Had an interesting chat with Sami Kuusela from Underhood.co. Based on that, got some inspiration for an analysis framework which I’ll briefly describe here.
Figure 1 Identifying and analyzing topical text material
- User is interested in a given topic (e.g., Saara Aalto, or #saaraaalto). He enters the relevant keywords.
- The system runs a search and retrieves text data based on that (e.g., tweets).
- A cluster analysis (e.g., unsupervised topic model) identifies central themes from the data.
- Vectorization of representative keywords based on cluster analysis (e.g., 10 most popular) is run to extract words from a reference lexicon of words that have a similar meaning. This increases the generality of each topic cluster by associating them with other words that are close in the vector space.
- Text mining is run to refine the themes, i.e. placing the right text pieces under the correct themes. These are now called “dimensions”, since they describe the key dimensions of the text corpus (e.g., Saara’s voice, performance, song choices…).

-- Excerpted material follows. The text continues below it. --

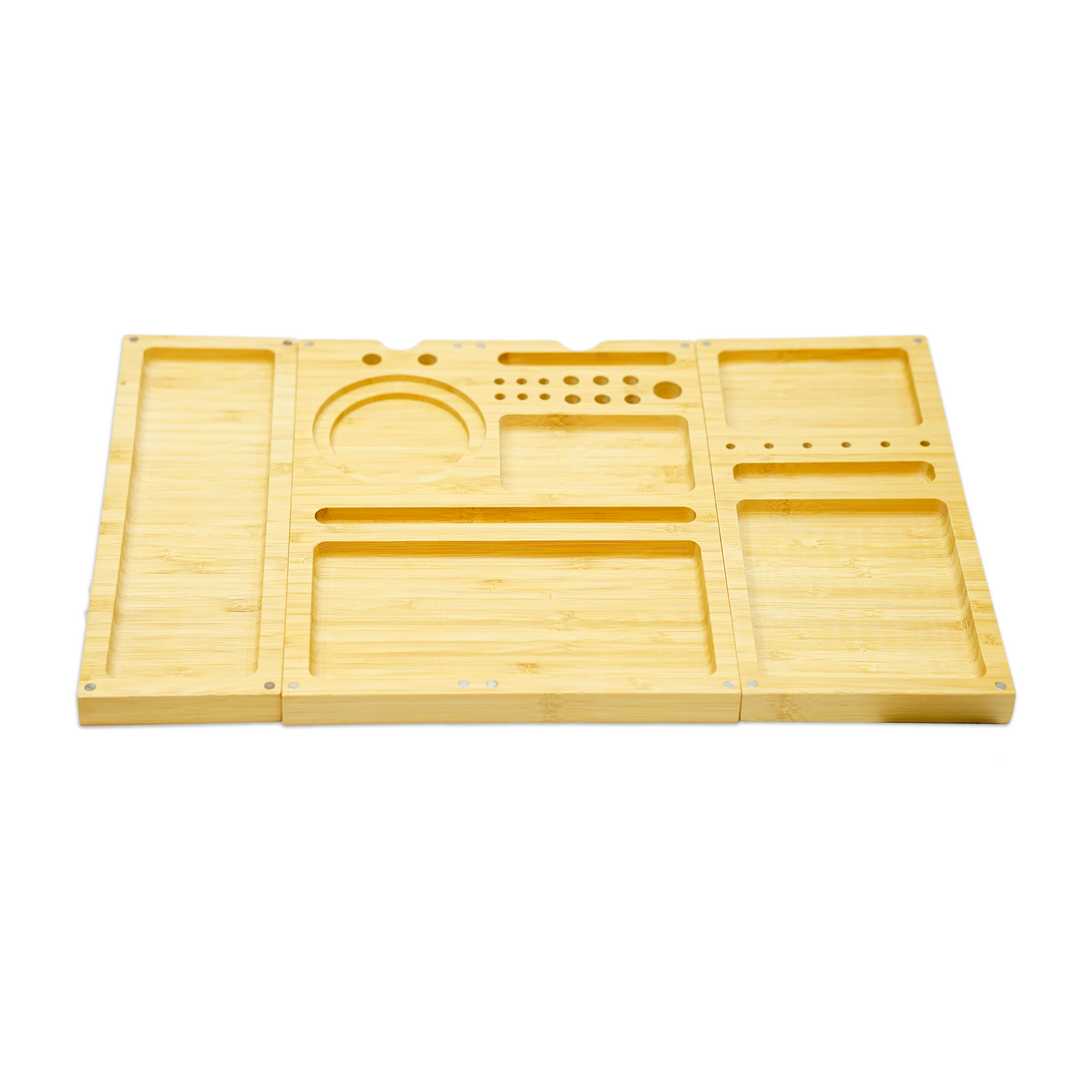 What's better than two trays? Three rolling trays! All the right sized slots in all the right places. The Medic Triple Bamboo Tray has super strong magnets that fix in place securely when in use or when packed up. The beautifully tooled bamboo is a wonderful surface to roll on. You'll find a convenient home for all your tools, papers and plenty of space to roll on.

- Sentiment analysis can be run to score the general (pos/neg/neu) or specific (e.g., emotions: joy, excitement, anger, disappointment, etc.) sentiment of each dimension. This could be done by using a machine-learning model with annotated training data (if the data-set is vast), or some sentiment lexicon (if the data-set is small).
I’m not sure whether steps 4 and 5 would improve the system’s ability to identify topics. It might be that a more general model is not required because the system already can detect the key themes. Would be interesting to test this with a developer.

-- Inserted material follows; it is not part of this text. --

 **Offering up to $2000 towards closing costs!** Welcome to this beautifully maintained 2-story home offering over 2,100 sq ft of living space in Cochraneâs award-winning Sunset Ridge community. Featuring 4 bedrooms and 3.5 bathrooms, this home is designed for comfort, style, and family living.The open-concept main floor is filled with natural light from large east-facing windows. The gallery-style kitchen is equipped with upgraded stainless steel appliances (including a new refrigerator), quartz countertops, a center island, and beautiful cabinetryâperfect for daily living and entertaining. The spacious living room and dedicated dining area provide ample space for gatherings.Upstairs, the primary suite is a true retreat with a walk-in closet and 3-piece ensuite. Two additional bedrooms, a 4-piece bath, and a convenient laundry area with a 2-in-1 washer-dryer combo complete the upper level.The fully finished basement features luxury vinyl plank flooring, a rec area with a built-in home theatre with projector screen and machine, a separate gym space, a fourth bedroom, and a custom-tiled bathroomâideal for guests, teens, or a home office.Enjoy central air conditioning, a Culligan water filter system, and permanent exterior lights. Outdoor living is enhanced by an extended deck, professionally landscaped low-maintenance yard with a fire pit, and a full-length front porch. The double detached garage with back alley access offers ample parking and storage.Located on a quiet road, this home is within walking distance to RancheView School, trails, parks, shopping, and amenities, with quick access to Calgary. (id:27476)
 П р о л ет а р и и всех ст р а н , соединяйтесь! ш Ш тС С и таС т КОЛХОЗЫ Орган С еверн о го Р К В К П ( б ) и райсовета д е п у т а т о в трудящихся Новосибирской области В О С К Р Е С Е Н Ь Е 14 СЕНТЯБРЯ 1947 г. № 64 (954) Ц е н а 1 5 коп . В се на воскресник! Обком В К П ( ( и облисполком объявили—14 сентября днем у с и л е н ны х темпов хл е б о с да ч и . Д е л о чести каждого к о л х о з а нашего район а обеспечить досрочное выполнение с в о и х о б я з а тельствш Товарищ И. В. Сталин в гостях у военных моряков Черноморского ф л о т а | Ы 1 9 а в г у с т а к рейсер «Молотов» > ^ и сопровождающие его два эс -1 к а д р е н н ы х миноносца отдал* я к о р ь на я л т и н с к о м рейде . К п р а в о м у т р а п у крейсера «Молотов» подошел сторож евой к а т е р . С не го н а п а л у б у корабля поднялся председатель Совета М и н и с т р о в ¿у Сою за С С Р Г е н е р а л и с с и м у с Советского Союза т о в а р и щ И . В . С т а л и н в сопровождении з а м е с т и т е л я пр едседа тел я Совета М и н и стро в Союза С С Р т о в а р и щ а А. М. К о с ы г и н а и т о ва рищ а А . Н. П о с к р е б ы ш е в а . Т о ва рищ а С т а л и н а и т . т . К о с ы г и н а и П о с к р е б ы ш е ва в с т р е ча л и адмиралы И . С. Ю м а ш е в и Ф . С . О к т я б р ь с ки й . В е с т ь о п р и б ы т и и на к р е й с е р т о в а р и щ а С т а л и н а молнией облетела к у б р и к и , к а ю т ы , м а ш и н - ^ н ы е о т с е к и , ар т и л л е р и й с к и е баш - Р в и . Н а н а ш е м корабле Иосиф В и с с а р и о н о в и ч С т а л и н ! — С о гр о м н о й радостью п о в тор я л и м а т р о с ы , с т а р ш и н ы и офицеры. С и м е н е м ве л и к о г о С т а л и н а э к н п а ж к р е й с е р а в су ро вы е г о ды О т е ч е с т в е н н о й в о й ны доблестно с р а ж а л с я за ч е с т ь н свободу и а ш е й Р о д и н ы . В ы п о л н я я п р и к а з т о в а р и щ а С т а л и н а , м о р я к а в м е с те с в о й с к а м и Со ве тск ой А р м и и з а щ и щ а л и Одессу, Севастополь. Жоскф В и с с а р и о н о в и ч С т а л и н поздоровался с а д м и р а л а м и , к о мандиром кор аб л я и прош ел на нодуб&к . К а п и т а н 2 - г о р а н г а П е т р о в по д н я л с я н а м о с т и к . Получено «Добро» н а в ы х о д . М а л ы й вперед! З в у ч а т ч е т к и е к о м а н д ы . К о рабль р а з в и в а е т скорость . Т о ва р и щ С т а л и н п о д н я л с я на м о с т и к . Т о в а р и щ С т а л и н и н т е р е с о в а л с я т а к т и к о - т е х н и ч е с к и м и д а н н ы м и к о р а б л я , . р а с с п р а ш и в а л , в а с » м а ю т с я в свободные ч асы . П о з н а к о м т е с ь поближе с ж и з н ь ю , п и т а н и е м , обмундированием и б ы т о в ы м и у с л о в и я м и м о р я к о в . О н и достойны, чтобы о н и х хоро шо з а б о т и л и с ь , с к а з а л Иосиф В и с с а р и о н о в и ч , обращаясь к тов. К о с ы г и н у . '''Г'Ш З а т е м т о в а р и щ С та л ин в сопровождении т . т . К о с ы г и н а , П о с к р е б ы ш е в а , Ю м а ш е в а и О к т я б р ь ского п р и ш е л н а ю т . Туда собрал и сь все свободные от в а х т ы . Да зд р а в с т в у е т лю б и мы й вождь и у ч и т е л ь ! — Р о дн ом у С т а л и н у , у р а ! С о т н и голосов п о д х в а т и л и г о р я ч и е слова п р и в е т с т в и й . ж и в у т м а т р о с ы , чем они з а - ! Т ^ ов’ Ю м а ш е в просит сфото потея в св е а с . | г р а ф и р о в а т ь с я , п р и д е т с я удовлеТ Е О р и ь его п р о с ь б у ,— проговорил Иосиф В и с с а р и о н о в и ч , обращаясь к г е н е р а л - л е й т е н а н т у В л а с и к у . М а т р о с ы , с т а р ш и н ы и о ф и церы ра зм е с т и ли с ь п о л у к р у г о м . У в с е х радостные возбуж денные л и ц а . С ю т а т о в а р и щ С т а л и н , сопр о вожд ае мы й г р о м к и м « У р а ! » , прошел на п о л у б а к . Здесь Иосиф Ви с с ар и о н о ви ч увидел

Anyway, what’s the whole point?
The whole point is to acknowledge that each large topic naturally divides into small sub-topics, which are dimensions that people perceive relevant for that particular topic. For example, in politics it could be things like “economy”, “domestic policy”, “immigration”, “foreign policy”, etc. While the dimensions can have some consistency based on the field, e.g. all political candidates share some dimensions, the exact mix is likely to be unique, e.g. dimensions of social media texts relating to Trump are likely to be considerably different from those of Clinton. That’s why the analysis ultimately needs to be done case-by-case.
In any case, it is important to note that instead of giving a general sentiment or engagement score of, say a political candidate, we can use an approach like this to give a more in-depth or segmented view of them. This leads to better understanding of “what works or not”, which is information that can be used in strategic decision-making. In addition, the topic-segmented sentiment data could be associated with predictors in a predictive model, e.g. by multiplying each topic sentiment with the weight of the respective topic (assuming the topic corresponds with the predictor).
This is just a conceptual model. As said, would be interesting to test it. There are many potential issues, such as handling with cluster overlap (some text pieces can naturally be placed into several clusters which can cause classification problems) and hierarchical issues (e.g., “employment” is under “economy” and should hence influence the former’s sentiment score).